__Records provided__:
[Start of section]
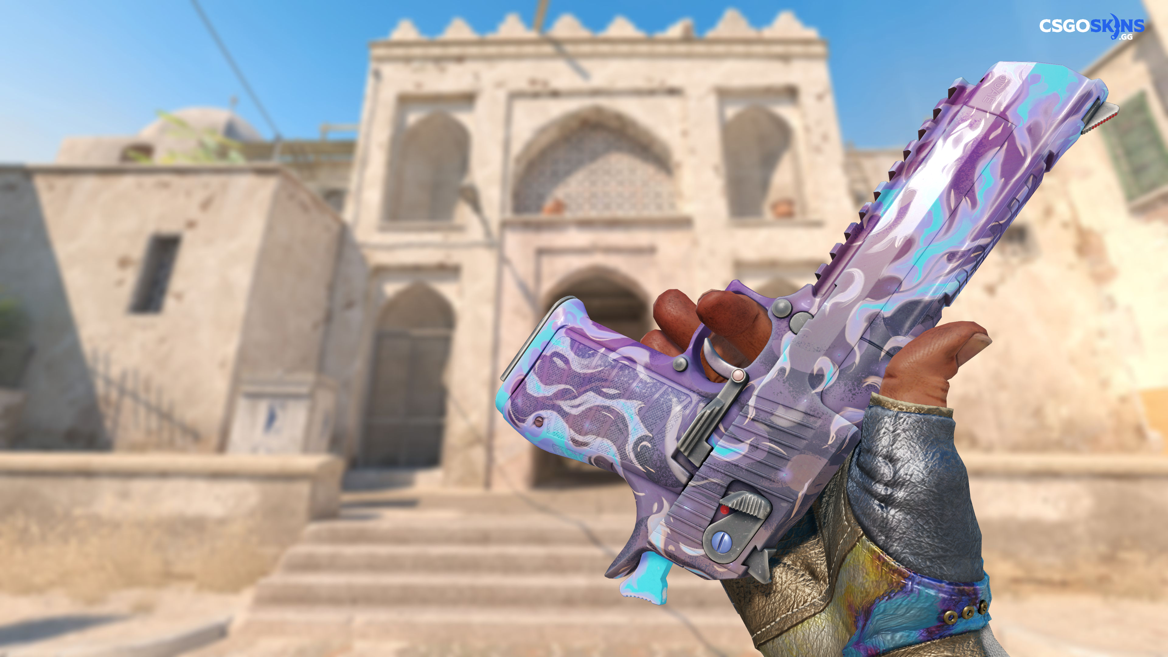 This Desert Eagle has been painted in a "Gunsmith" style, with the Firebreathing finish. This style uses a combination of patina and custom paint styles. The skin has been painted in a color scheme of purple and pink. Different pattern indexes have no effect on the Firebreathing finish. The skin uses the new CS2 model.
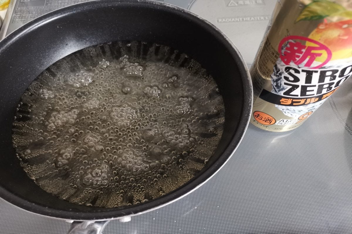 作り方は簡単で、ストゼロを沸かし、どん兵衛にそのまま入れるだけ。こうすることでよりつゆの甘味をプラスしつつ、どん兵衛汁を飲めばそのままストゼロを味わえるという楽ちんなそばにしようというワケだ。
[End of section]
[Start of section]
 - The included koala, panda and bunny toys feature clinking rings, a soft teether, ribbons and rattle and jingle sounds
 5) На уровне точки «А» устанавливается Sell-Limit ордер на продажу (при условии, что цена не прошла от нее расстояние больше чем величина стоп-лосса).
[End of section]
__Description of the task__:
In the listing above, find the line with "This Desert Eagle" and the line with "作り方は簡単で、ストゼロを沸". Transcribe those two and everything between, exactly, leaving out pictures.

__Written solution__:
 This Desert Eagle has been painted in a "Gunsmith" style, with the Firebreathing finish. This style uses a combination of patina and custom paint styles. The skin has been painted in a color scheme of purple and pink. Different pattern indexes have no effect on the Firebreathing finish. The skin uses the new CS2 model.
 作り方は簡単で、ストゼロを沸かし、どん兵衛にそのまま入れるだけ。こうすることでよりつゆの甘味をプラスしつつ、どん兵衛汁を飲めばそのままストゼロを味わえるという楽ちんなそばにしようというワケだ。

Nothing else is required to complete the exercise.